The Ottoman Turks and Safavids fought over the fertile plains of Iraq for more than 150 years. The capture of Baghdad by Ismail I in 1509 was only followed by its loss to the Ottoman Sultan Suleiman I in 1534. After subsequent campaigns, the Safavids recaptured Baghdad in 1623 yet lost it again to Murad IV in 1638. Henceforth a treaty, signed in Qasr-e Shirin, was established delineating a border between Iran and Turkey in 1639, a border which still stands in northwest Iran/southeast Turkey. The 150 year tug-of-war accentuated the Sunni and Shi'a rift in Iraq.
In 1609-1610, a war broke out between Kurdish tribes and the Safavid Empire. After a long and bloody siege led by the Safavid grand vizier Hatem Beg, which lasted from November 1609 to the summer of 1610, the Kurdish stronghold of Dimdim was captured. Shah Abbas ordered a general massacre in Beradost and Mukriyan(Mahabad) (Reported by Eskandar Beg Monshi, Safavid Historian (1557-1642) in the Book "Alam Ara Abbasi") and resettled the Turkish Afshar tribe in the region while deporting many Kurdish tribes to Khorasan. Nowadays, there is a community of nearly 1.7 million people who are descendants of the tribes deported from Kurdistan to Khurasan (Northeastern Iran) by the Safavids.
Due to his obsessive fear of assassination, Shah Abbas either put to death or blinded any member of his family who aroused his suspicion. In this way one of his sons was executed and two blinded. Since two other sons had predeceased him, the result was personal tragedy for Shah Abbas. When he died on 19 January 1629, he had no son capable of succeeding him.. The beginning of the 17th century saw the power of the Qizilbash decline, the original militia that had helped Ismail I capture Tabriz and which had gained many administrative powers over the centuries. Power was shifting to a new class of merchants, many of them ethnic Armenians, Georgians and Indians.

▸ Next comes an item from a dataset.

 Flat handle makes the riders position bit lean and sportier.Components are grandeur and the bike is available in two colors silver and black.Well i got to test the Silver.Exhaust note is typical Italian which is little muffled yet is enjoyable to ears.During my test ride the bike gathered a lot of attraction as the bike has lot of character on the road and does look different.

At its zenith, during the long reign of Shah Abbas I the empire's reach comprised Iran, Iraq, Armenia, Azerbaijan Republic, Georgia, and parts of Turkmenistan, Uzbekistan, Afghanistan, and Pakistan.

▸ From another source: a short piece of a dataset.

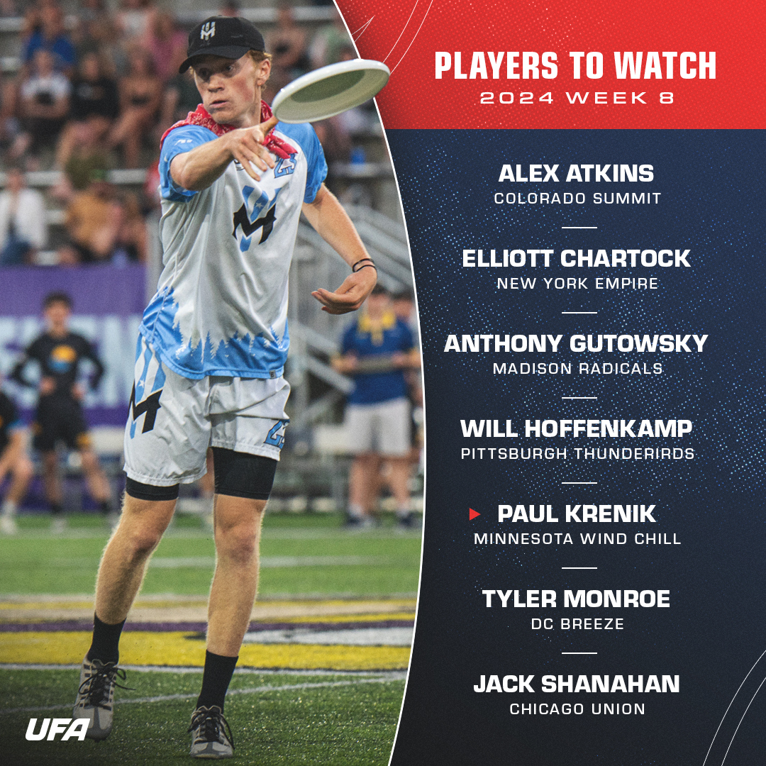 Paul Krenik made his 2024 debut last week against Indianapolis and continues to trend upwards as one of the top young players in the league. Krenik recorded two assists, a goal, and two blocks to go with over 250 total yards of offense (second-highest yardage total of his career) in Minnesota’s 24-21 victory. Despite it being his first game of the season, Krenik was on the field for a team-high 27 points. The Wind Chill have some holes to fill on defense this week without Bret Bergmeier and Sam Berglund, and Krenik is the type of player that can lead by example with shut-down matchup defense in addition to helping facilitate the counterattack after turnovers. It still hasn’t felt like we’ve seen Krenik’s true ceiling as a pro frisbee player, and with a massive matchup against the Summit this week, Saturday presents a perfect opportunity to take another step towards stardom.

Decline of the Safavid state
Main articles: Hotaki and AfsharidsIn addition to fighting its perennial enemies, the Ottomans and Uzbeks, as the 17th century progressed Iran had to contend with the rise of two more neighbors. Russian Muscovy in the previous century had deposed two western Asian khanates of the Golden Horde and expanded its influence into the Caucasus Mountains and Central Asia. In the east, the Mughal dynasty of India had expanded into Afghanistan at the expense of Iranian control, taking Qandahar.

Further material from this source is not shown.